_The problem_
Excluding pictures, transcribe precisely the lines from the one containing "Pink Art Silk" to the final line of the listing below, inclusive, and nothing more.

_Information shown_
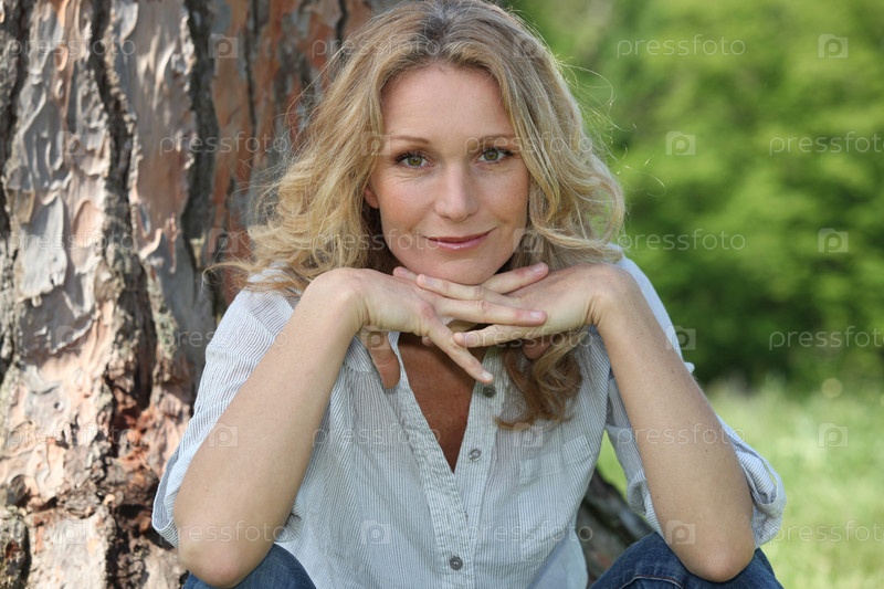 Женщина сидит у дерева
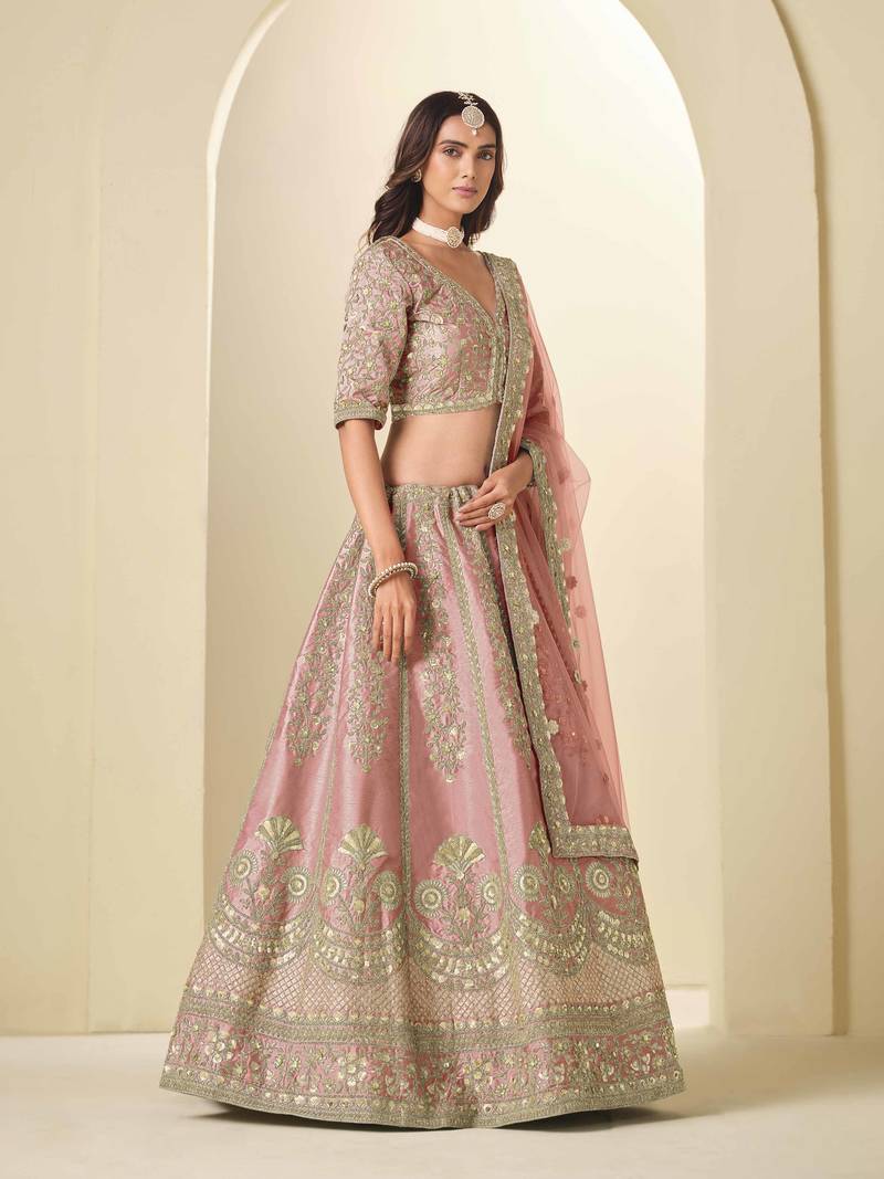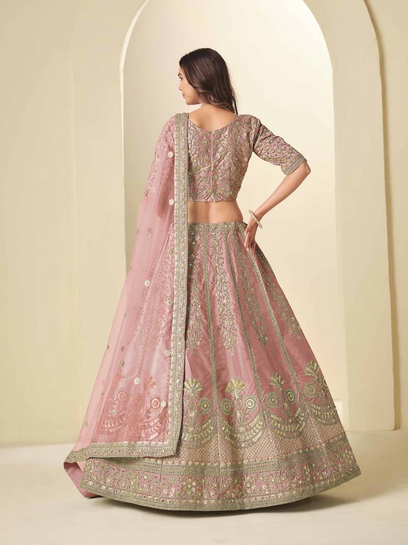 Pink Art Silk Heavy Thread Embroidery Sequins Work Lehenga Choli
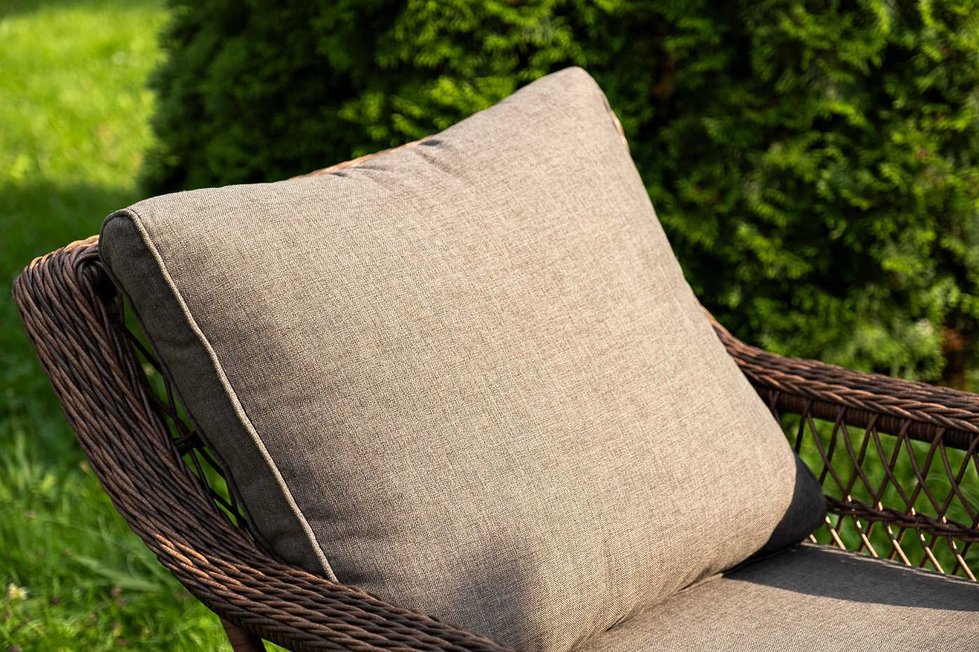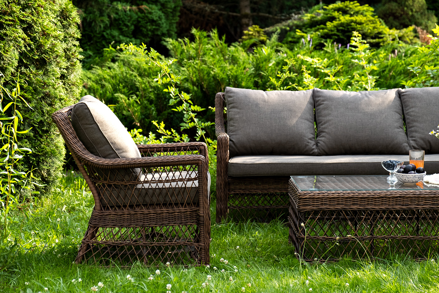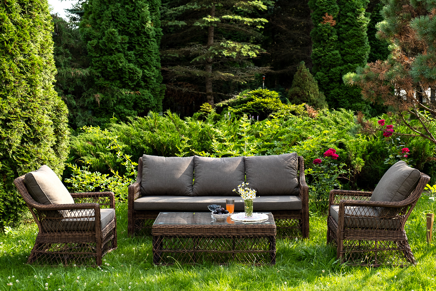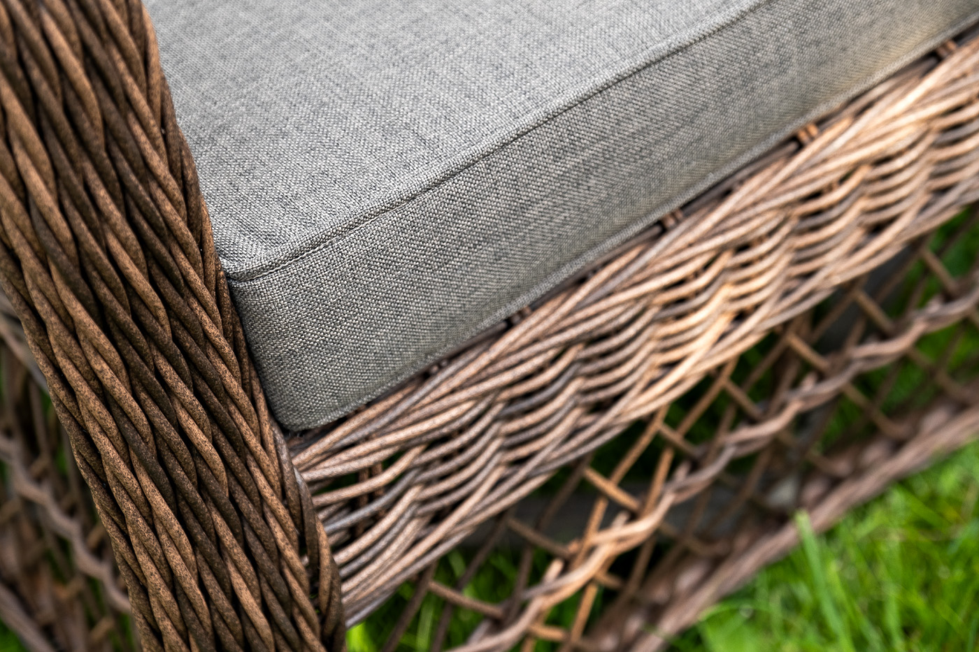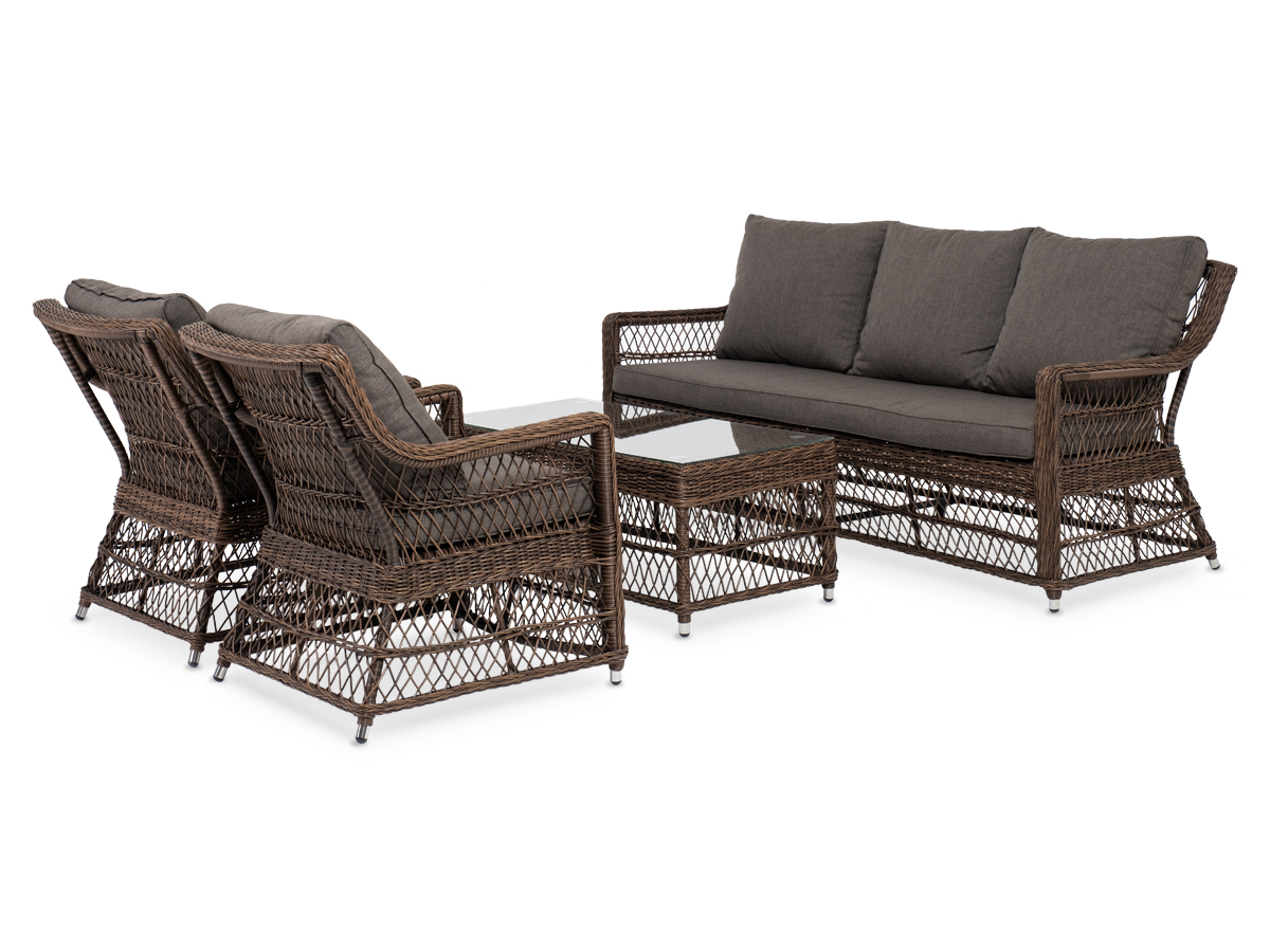 Уличная мебель имеет алюминиевый каркас, ручное плетение, сделанное из коричневого искусственного ротанга. Предусмотрены мягкие подушки из полиэстера серого цвета с плотностью 300гр/м2. "Гранд Латте" диван трехместный из искусственного ротанга, цвет коричневый 1шт. 1 875Х830Х850, "Гранд Латте" кресло из искусственного ротанга, цвет коричневый 2шт. 720Х830Х850, "Гранд Латте" стол журнальный из искусственного ротанга, цвет коричневый 1шт. 1 120Х570Х450,

_Exercise answer_
 Pink Art Silk Heavy Thread Embroidery Sequins Work Lehenga Choli
 Уличная мебель имеет алюминиевый каркас, ручное плетение, сделанное из коричневого искусственного ротанга. Предусмотрены мягкие подушки из полиэстера серого цвета с плотностью 300гр/м2. "Гранд Латте" диван трехместный из искусственного ротанга, цвет коричневый 1шт. 1 875Х830Х850, "Гранд Латте" кресло из искусственного ротанга, цвет коричневый 2шт. 720Х830Х850, "Гранд Латте" стол журнальный из искусственного ротанга, цвет коричневый 1шт. 1 120Х570Х450,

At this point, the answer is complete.